It's also nice and easy problem.We must prove that $ TP^2=TR \cdot TS=TB \cdot TC $ , where $ T=MN \cap BC $ ( w.l.o.g $ B $ lies between $ T $ and $ C $ ) .Let $ MN \cap AP=F $ , since $ AMPN $ is p.g.m so $ F $ is common midpoint of $ MN $ and $ AP $ and $ AN=PM , AM=BN $ . From Meneleus theorem we have (1) In the triangle $ APC $ the line $ TFN $ is transerval ,so $ \frac{TP}{TC} \cdot \frac{CN}{NA} \cdot \frac{AF}{FM} =1 \implies \frac{TP}{TC}=\frac{AN}{CN} $ . (2)In the triangle $ ABC $ the line $ TMN $ is transerval, so $ \frac{TB}{TC} \cdot \frac{CN}{NA} \cdot \frac{AM}{BM} \implies \frac{TP}{TB} = \frac{AM}{MB} $ ( I use that (1) ).Hence we have to prove that $ \frac{AM}{BM}=\frac{CN}{AN} $ or $ \frac{PN}{MB}=\frac{CN}{PM} $ , which is true ,because the triangle $ BMP $ and $ CPN $ are similar.DONE!

Very nice problem! Here is another attempt. $ T=MN \cap BC $ ( w.l.o.g $ B $ lies between $ T $ and $ C $ ) We have $\frac{TM}{TN} = \frac{TP}{TC}$ (since TMP and TNC are similar) and $\frac{TM}{TN} = \frac{TB}{TP}$ (since TMB and TNP are similar) So, $\frac{TB}{TP} = \frac{TP}{TC}$ (since TMP and TNC are similar) or, $TP^2 =TB*TC$ From $TB*TC=TR*TS$ Then, $TP^2=TR*TS$ And the result follows.

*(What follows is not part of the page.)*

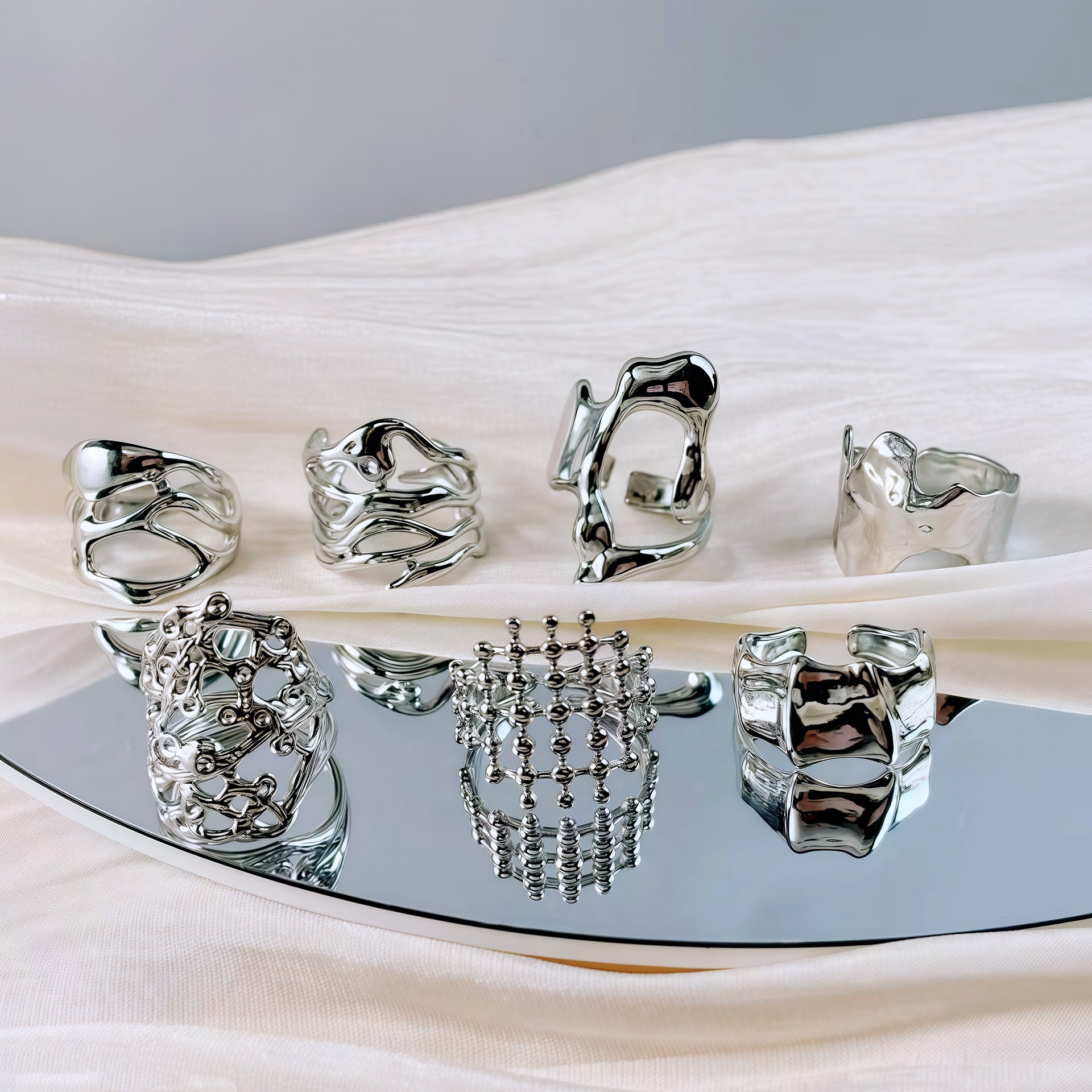 European and American Fashionable Stainless Steel Multi-Layer Hollow Line Ring Cross-Border New Style Knocking Pattern Open Ring for Women Wholesale
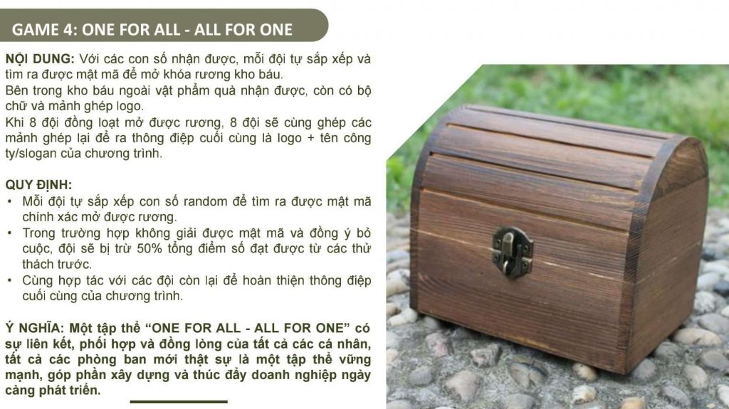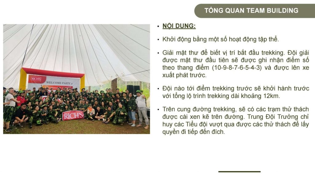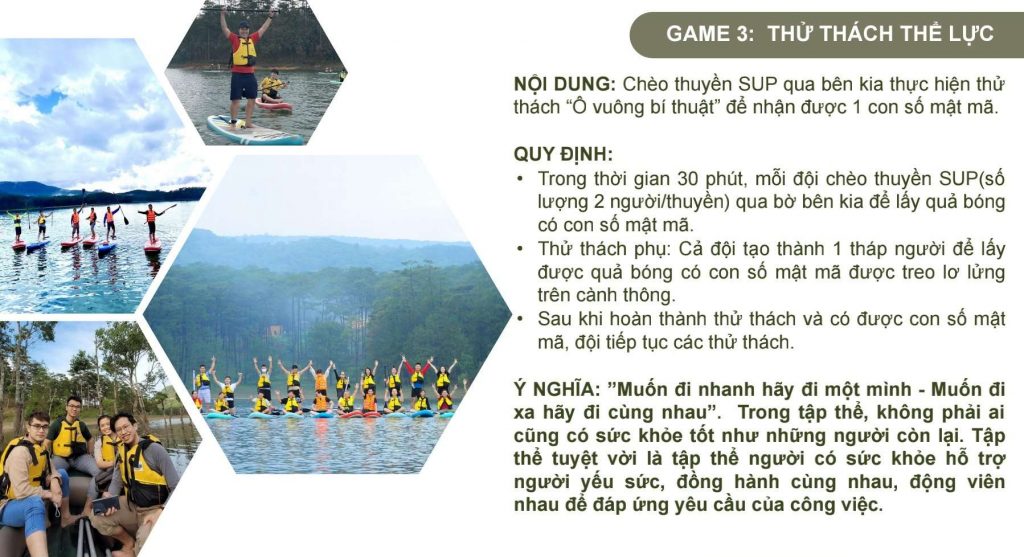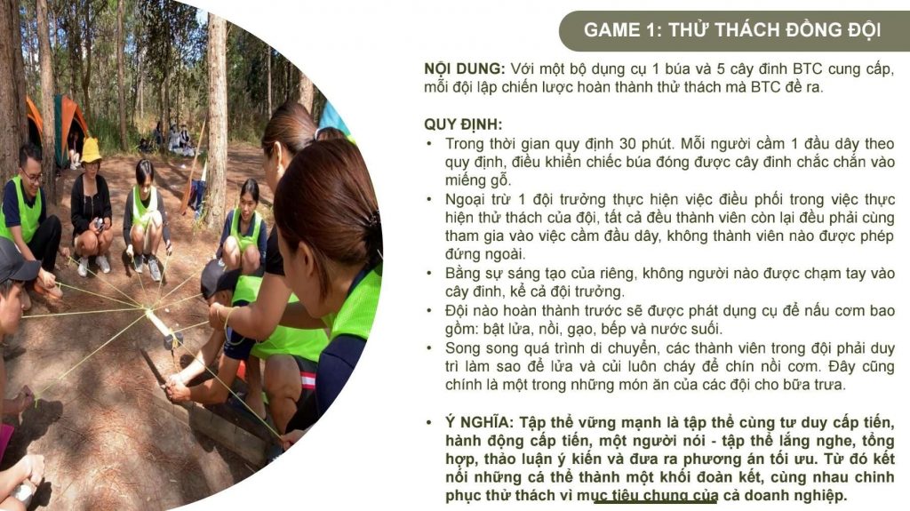Chương trình TEAM BUILDING với các thử thách mang tính sinh tồn thể hiện tinh thần đồng đội, bền bỉ, dám thay đổi, dám chinh phục.

I have the same solution as --Fermat--,an easy problem

The configuration is boring Also, the condition that $MN, BC$ are not parallel is a dead giveaway. It's totally unnecessary and the problem is valid without it, so why would they put it there? Obviously we're supposed to intersect them. Then angle chasing turns out to be really really annoying, and Menelaus is the next choice because of how the diagram looks, and it works.